Gino Peruzzi Lucchetti (; born 9 June 1992) is an Argentine professional footballer who plays as a right-back for Alianza Lima.

Club career

Vélez Sársfield
Peruzzi started his professional career playing for Vélez Sársfield, making his debut on 27 November 2011, starting in a 1–1 draw with Colón, in the 2011 Apertura. Although he played his first game as a right winger, Peruzzi has since primarily been deployed as a right full back.

Peruzzi gained recognition after his performances against Santos in the home and away legs of the quarter-finals of the 2012 Copa Libertadores, in which Peruzzi marked and annulled Neymar, despite the fact that his team was eliminated in the penalty shootout.

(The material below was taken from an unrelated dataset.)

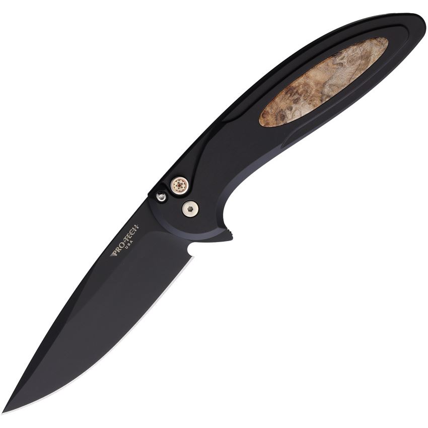 Model/Item/Part Number - PTKCF2103. Pro Tech Knives - Cambria 2 Black DLC MagnaCut Button Lock Knife Black Aluminum Handles. 4.5" (11.43cm) closed. 3.5" (8.89cm) black DLC coated MagnaCut steel blade. Black aluminum handle with Maple burl inlay. Extended tang. Pocket clip. Mosaic button. Boxed. Proudly made in the USA.
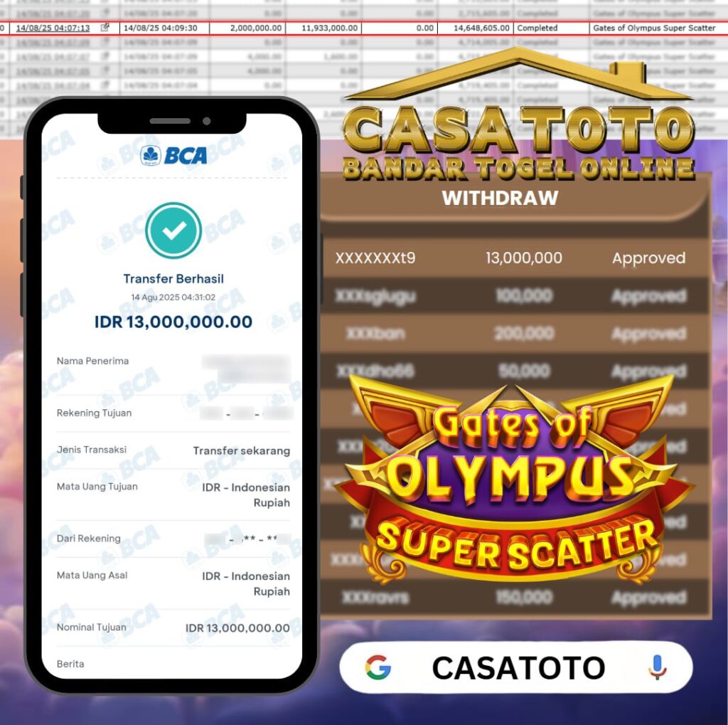 Selamat Kepada Member CASATOTO dengan Username XaXcX_adXoeXX9 Yang Beruntung Mendapatkan Kemenangan Besar di CASATOTO.

Although he was mainly a substitute for club captain Fabián Cubero, Peruzzi played 13 games (scoring once) in Vélez' 2012 Inicial winning championship, playing either as right back or right winger. He also helped Vélez win the 2012–13 Superfinal, entering the field during the first half after Cubero was sent off.

Calcio Catania
On 13 August 2013, Calcio Catania officially announced the signing of Peruzzi ahead of the 2013–14 Serie A season. The transfer was reported to be worth 3.4 million euros, plus 700k euros in added taxes. Vélez will also reportedly receive 15% of any future resale of the player.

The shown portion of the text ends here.